Performance Evaluation of LLMs in Automated RDF Knowledge Graph Generation

Cloud systems generate large, heterogeneous log data containing critical infrastructure, application, and security information. Transforming these logs into RDF triples enables their integration into knowledge graphs, improving interpretability, root-cause analysis, and cross-service reasoning beyond what raw logs allow. Large Language Models (LLMs) offer a promising approach to automate RDF knowledge graph generation; however, their effectiveness on complex cloud logs remains largely unexplored. In this paper, we evaluate multiple LLM architectures and prompting strategies for automated RDF extraction using a controlled framework with two pipelines for systematically processing semi-structured log data. The extraction pipeline integrates multiple LLMs to identify relevant entities and relationships, automatically generating subject-predicate-object triples. These outputs are evaluated using a dedicated validation pipeline with both syntactic and semantic metrics to assess accuracy, completeness, and quality. Due to the lack of public ground-truth datasets, we created a reference Log-to-KG dataset from OpenStack logs using manual annotation and ontology-driven methods, enabling objective baseline.
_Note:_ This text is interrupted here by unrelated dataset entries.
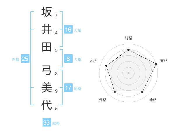 坂井田 弓美代さんの天格は16画の5点!
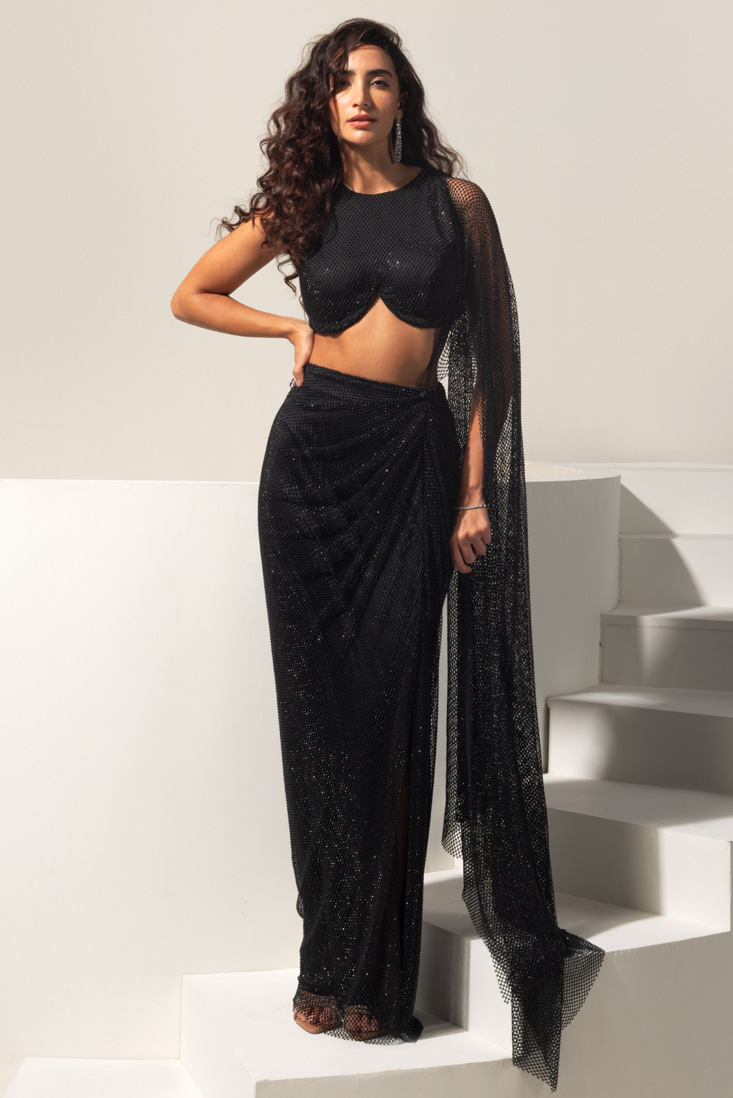 Black Swarovski Pre draped Saree with Blouse - Eclipse
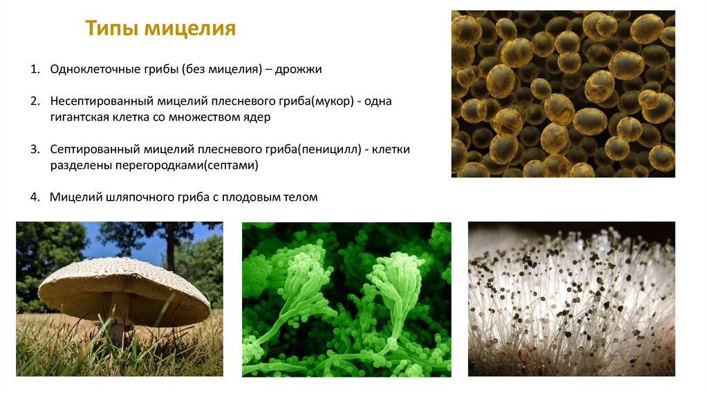Типы мицелия1. Одноклеточные грибы (без мицелия) – дрожжи
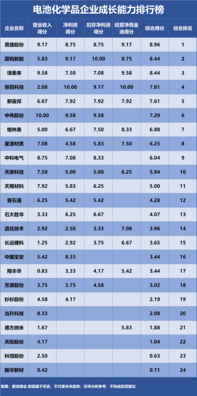 注:成長能力榜單中,各項指標得分按照10/24的比例換算得出,綜合得分為各項指標的平均值。如某個指標有數(shù)值,但沒有得分(即表格為空格),則該指標權(quán)重會下降。
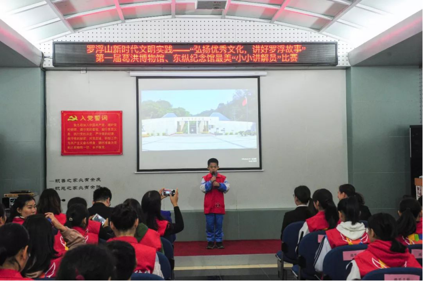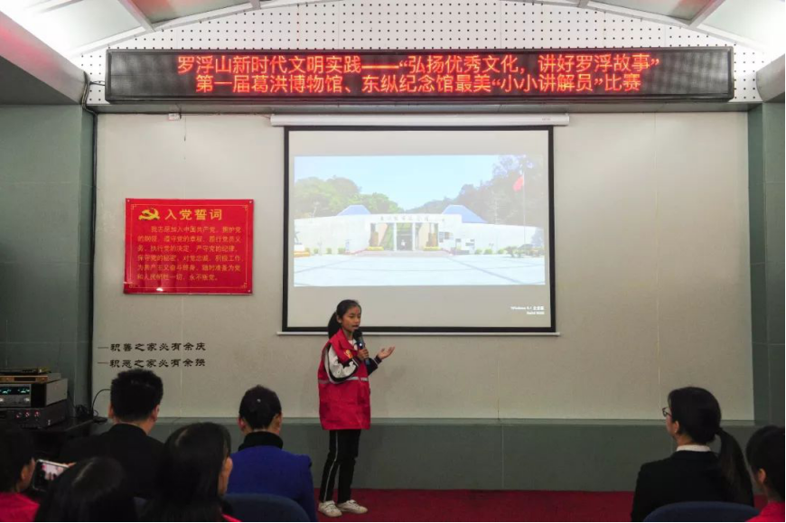 为发挥葛洪博物馆、东纵纪念馆“广东省爱国主义教育基地”和“中文博彩平台青少年校外教育实践示范基地”教育功能,引导青少年深刻学习红色文化和中华优秀传统文化,罗浮山在寒暑假及节假日定期组织青少年志愿者到两馆担任小小讲解员,志愿活动内容包括讲解东江纵队的历史背景与过程、葛洪的生平、青蒿治疟、百草油文化等中草药知识,介绍馆内的珍贵展品,积极维持秩序,引导游客文明参观等,志愿讲解服务提升了青少年的道德思想修养,也激发了青少年的爱国热情,为青少年将来走好新时代的长征路打下了坚实的基础。

Our analysis shows that Few-Shot learning is the most effective strategy, with Llama achieving a 99.35% F1 score and 100% valid RDF output while Qwen, NuExtract, and Gemma also perform well under Few-Shot prompting, with Chain-of-Thought approaches maintaining similar accuracy. One-Shot prompting offers a lighter but effective alternative, while Zero-Shot and advanced strategies such as Tree-of-Thought, Self-Critique, and Generate-Multiple perform substantially worse. These results highlight the importance of contextual examples and prompt design for accurate RDF extraction and reveal model-specific limitations across LLM architectures.